## WHAT YOU SHOULD DO
Nothing but a verbatim copy of the data, minus the images, should be returned.

## DATA EXCERPT

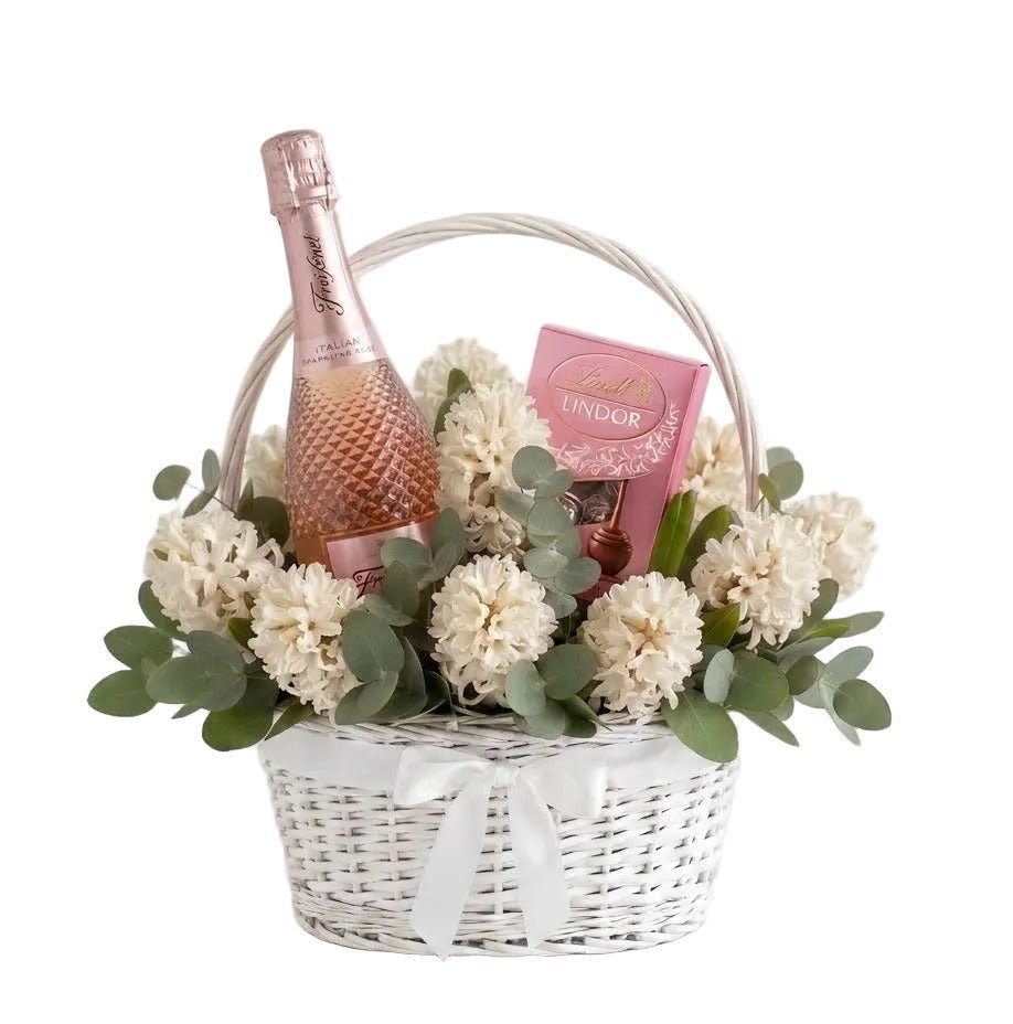 Celebrate in style with the Elegant Hyacinth Hamper with Wine and Chocolate from Flowers Box London. A beautiful mix of fragrant hyacinth, premium wine, and gourmet chocolates — perfect for birthdays, celebrations, or thoughtful gifting. Same-day delivery in London and next-day UK-wide.
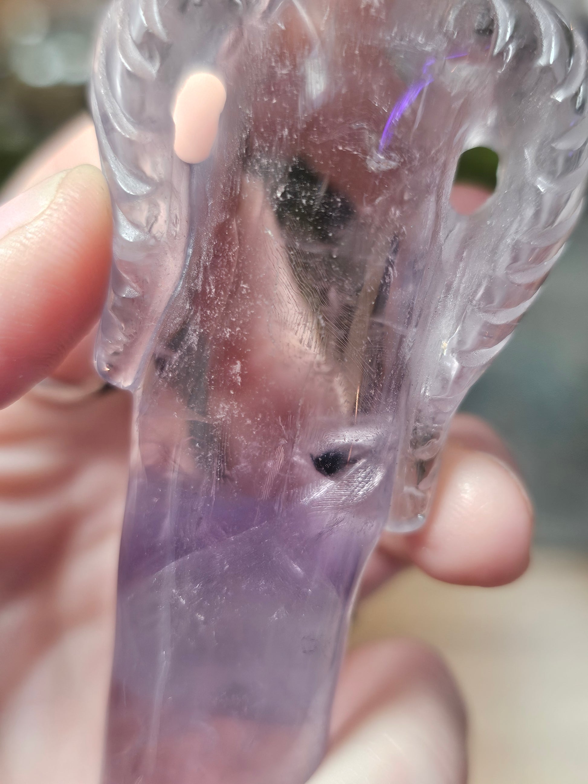 Crystal quality Amethyst Rose carving with hollandite inclusions.
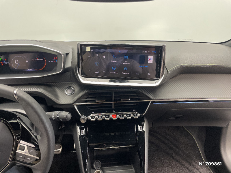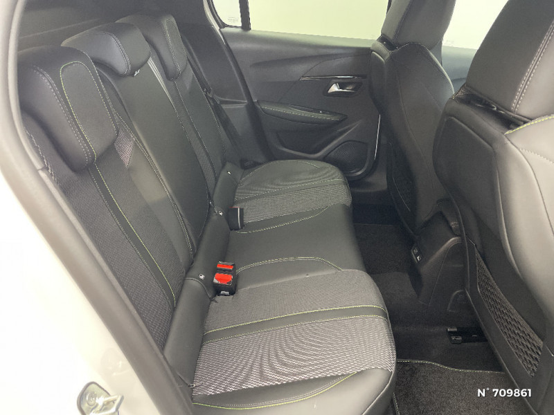 Jantes alliage 17" diamantées YANAKA bi--ton vernis brillant et Noir Orbital avec inserts Noir Orbital et vernis mat / Accès et démarrage mains libres Proximity / Jupes AR inférieure Noir brillant / Rétroviseurs extérieurs dégivrants avec réglage et rabattement électriques / Jupes AR supérieure Noir brillant / Eclairage polyambiant 8 couleurs (Liés aux modes de conduite) / ESP Déconnectable avec aide au démarrage en pente / 4 poignées de maintien rétractables (2 à l'AV et 2 à l'AR) / Eclairage intérieur Eclairager AV I-DOME à LED (1 plafonnier et 2 liseuses), 2 liseuses à LED AR, Miroir de courtoisie dans pare-soleil éclairéà LED, Eclairage à LED partie basse rangement et caves à pieds / Enjoliveurs d'ailes Noir Brillant / Accoudoirs sur portes AV et AR en TEP avec surpiqûre Adamite / Panneaux de porte AR avec grain Karsten avec baguette Noir brillant / Panneaux de porte AV avec médaillon TPE surmoulé Carbone, baguette Noir brillante avec jonc lumineux (8 couleurs) et crosse de tirage TEP avec surpiqûres Adamite / Feux AR signature 3 griffes, stop, recul et indicateur de direction à LEDs / Antenne requin / Calandre haute de gamme noir grainée avec marquage couleur caisse / Prise 12V et rangement pour smartphone en faà§ade centrale / Enjoliveur DRL Noir grainé / Enjoliveur bas de calandre noir grainé / Enjoliveur supérieur de calandre Noir grainé / Commande d'ouverture des portes couleur caisse / Enjoliveur entre feux AR noir brillant / Becquet rapporté Noir Brillant / 6 Airbags (Frontaux auto-adaptatifs, latéraux AV et rideaux AV/AR) / Pack Visibilité Allumage automatique des feux de croisement / Volant compact cuir fleur avec commandes multimédia intégrées et badge GT / Projecteurs "Peugeot Full LED Technology" avec feux diurnes à LED 3 griffes / Siège passager AV à réglage manuel en hauteur / Visiopark 1 Caméra de recul HD, aide au stationnement AV et AR graphique et sonore / Seuils de portes aluminium avec lettrage PEUGEOT / Planche de bord Slush avec décor carbone slush et double surpiqûres Adamite/Tramontane et baguette Noir brillante avec jonc chromé et jonc lumineux / Intervalle de maintenance 25 000 km ou 1 an / Peugeot i-Connect: Radio DAB avec écran tactile couleur personnalisable 10" HD, Bluetooth - Mirror Screen sans fil (Apple CarPlay/Android Auto) - Wifi - 1 prise USB type C ( Data+charge), 1 prise USB type C (Charge) sur console AV - 1 prise USB type C (Charge) et 1 prise USB type A (Charge) pour passagers AR / Rétroviseur intérieur électrochrome / Lève-vitres AV électriques et séquentiels avec antipincement / Pédalier Sport aluminium / Détection de sous-gonflage indirecte / Surtapis AV/AR / Essuie-vitre AV à déclenchement automatique / Lève-vitres AR électriques et séquentiels avec antipincement / Habitacle et ciel de pavillon Noir / Commutation automatique des feux de route / feux de croisement / Ceintures de sécurité AV conducteur et passager à enrouleurs pyrotechniques avec limiteurs d'effort et détection de non bouclage / Ceinture de sécurité AR centrale 3 points, avec détection de non bouclage / Ceintures de sécurité AR latérales avec enrouleurs pyrotechniques, limiteurs d'effort et détection de non bouclage / Programme de Stabilité Electronique (ESC) avec ASR, ABS, REF, AFU, CDS et TSM / Lécheurs de vitres latérales Noir Brillant / 6 HPs (2 tweeters et 2 woofers à l'AV et 2 HPs à l'AR) / Eclairage coffre à lampe / Télécommande 3 boutons + clé standard / Peugeot i-Cockpit 3D avec combiné tête haute numérique 10'' / Vitres latérales AR et lunette AR chauffante temporisée surteintées / Air conditionné automatique mono-zone / Peugeot Connect SOS & Assistance et Teleservices SOS & Assistance : Appel d'urgence automatique ou manuel par push SOS, et mise en relation directe avec la plateforme d'assistance PEUGEOT (24h/24 7j/7) , Teleservices : Détection du besoin d'une intervention technique ou d'une opération d'entretien périodique et transmission au réseau PEUGEOT pour prise de rendez vous / Sellerie tissu BELOMKA, accompagnement TEP Isabella, trimatière Uni Capy et surpiqûres Vert Adamite / Console haute avec accoudoir & frein de stationnement électrique 1 prise USB type C (Charge) et 1 prise USB type A (Charge) pour passagers AR, Sélecteur de mode de conduite Normal/Eco/Sport / Boîte de vitesse automatique, séquentielle (6 rapports) / Pack Safety Régulateur / Limiteur de vitesse, Freinage d'urgence automatique avec alerte risque de collision, Freinage automatique d'urgence avec détection élargie (3 caméras haut de pare-brise) et protection des usagers de la route vulnérables (piétons, cyclistes,), Alerte active de franchissement involontaire de ligne et bas côté, Reconnaissance étendue des panneaux de signalisation et préconisation de vitesse, Alerte attention conducteur

## OUTPUT FOR THIS TASK
 Celebrate in style with the Elegant Hyacinth Hamper with Wine and Chocolate from Flowers Box London. A beautiful mix of fragrant hyacinth, premium wine, and gourmet chocolates — perfect for birthdays, celebrations, or thoughtful gifting. Same-day delivery in London and next-day UK-wide.
 Crystal quality Amethyst Rose carving with hollandite inclusions.
 Jantes alliage 17" diamantées YANAKA bi--ton vernis brillant et Noir Orbital avec inserts Noir Orbital et vernis mat / Accès et démarrage mains libres Proximity / Jupes AR inférieure Noir brillant / Rétroviseurs extérieurs dégivrants avec réglage et rabattement électriques / Jupes AR supérieure Noir brillant / Eclairage polyambiant 8 couleurs (Liés aux modes de conduite) / ESP Déconnectable avec aide au démarrage en pente / 4 poignées de maintien rétractables (2 à l'AV et 2 à l'AR) / Eclairage intérieur Eclairager AV I-DOME à LED (1 plafonnier et 2 liseuses), 2 liseuses à LED AR, Miroir de courtoisie dans pare-soleil éclairéà LED, Eclairage à LED partie basse rangement et caves à pieds / Enjoliveurs d'ailes Noir Brillant / Accoudoirs sur portes AV et AR en TEP avec surpiqûre Adamite / Panneaux de porte AR avec grain Karsten avec baguette Noir brillant / Panneaux de porte AV avec médaillon TPE surmoulé Carbone, baguette Noir brillante avec jonc lumineux (8 couleurs) et crosse de tirage TEP avec surpiqûres Adamite / Feux AR signature 3 griffes, stop, recul et indicateur de direction à LEDs / Antenne requin / Calandre haute de gamme noir grainée avec marquage couleur caisse / Prise 12V et rangement pour smartphone en faà§ade centrale / Enjoliveur DRL Noir grainé / Enjoliveur bas de calandre noir grainé / Enjoliveur supérieur de calandre Noir grainé / Commande d'ouverture des portes couleur caisse / Enjoliveur entre feux AR noir brillant / Becquet rapporté Noir Brillant / 6 Airbags (Frontaux auto-adaptatifs, latéraux AV et rideaux AV/AR) / Pack Visibilité Allumage automatique des feux de croisement / Volant compact cuir fleur avec commandes multimédia intégrées et badge GT / Projecteurs "Peugeot Full LED Technology" avec feux diurnes à LED 3 griffes / Siège passager AV à réglage manuel en hauteur / Visiopark 1 Caméra de recul HD, aide au stationnement AV et AR graphique et sonore / Seuils de portes aluminium avec lettrage PEUGEOT / Planche de bord Slush avec décor carbone slush et double surpiqûres Adamite/Tramontane et baguette Noir brillante avec jonc chromé et jonc lumineux / Intervalle de maintenance 25 000 km ou 1 an / Peugeot i-Connect: Radio DAB avec écran tactile couleur personnalisable 10" HD, Bluetooth - Mirror Screen sans fil (Apple CarPlay/Android Auto) - Wifi - 1 prise USB type C ( Data+charge), 1 prise USB type C (Charge) sur console AV - 1 prise USB type C (Charge) et 1 prise USB type A (Charge) pour passagers AR / Rétroviseur intérieur électrochrome / Lève-vitres AV électriques et séquentiels avec antipincement / Pédalier Sport aluminium / Détection de sous-gonflage indirecte / Surtapis AV/AR / Essuie-vitre AV à déclenchement automatique / Lève-vitres AR électriques et séquentiels avec antipincement / Habitacle et ciel de pavillon Noir / Commutation automatique des feux de route / feux de croisement / Ceintures de sécurité AV conducteur et passager à enrouleurs pyrotechniques avec limiteurs d'effort et détection de non bouclage / Ceinture de sécurité AR centrale 3 points, avec détection de non bouclage / Ceintures de sécurité AR latérales avec enrouleurs pyrotechniques, limiteurs d'effort et détection de non bouclage / Programme de Stabilité Electronique (ESC) avec ASR, ABS, REF, AFU, CDS et TSM / Lécheurs de vitres latérales Noir Brillant / 6 HPs (2 tweeters et 2 woofers à l'AV et 2 HPs à l'AR) / Eclairage coffre à lampe / Télécommande 3 boutons + clé standard / Peugeot i-Cockpit 3D avec combiné tête haute numérique 10'' / Vitres latérales AR et lunette AR chauffante temporisée surteintées / Air conditionné automatique mono-zone / Peugeot Connect SOS & Assistance et Teleservices SOS & Assistance : Appel d'urgence automatique ou manuel par push SOS, et mise en relation directe avec la plateforme d'assistance PEUGEOT (24h/24 7j/7) , Teleservices : Détection du besoin d'une intervention technique ou d'une opération d'entretien périodique et transmission au réseau PEUGEOT pour prise de rendez vous / Sellerie tissu BELOMKA, accompagnement TEP Isabella, trimatière Uni Capy et surpiqûres Vert Adamite / Console haute avec accoudoir & frein de stationnement électrique 1 prise USB type C (Charge) et 1 prise USB type A (Charge) pour passagers AR, Sélecteur de mode de conduite Normal/Eco/Sport / Boîte de vitesse automatique, séquentielle (6 rapports) / Pack Safety Régulateur / Limiteur de vitesse, Freinage d'urgence automatique avec alerte risque de collision, Freinage automatique d'urgence avec détection élargie (3 caméras haut de pare-brise) et protection des usagers de la route vulnérables (piétons, cyclistes,), Alerte active de franchissement involontaire de ligne et bas côté, Reconnaissance étendue des panneaux de signalisation et préconisation de vitesse, Alerte attention conducteur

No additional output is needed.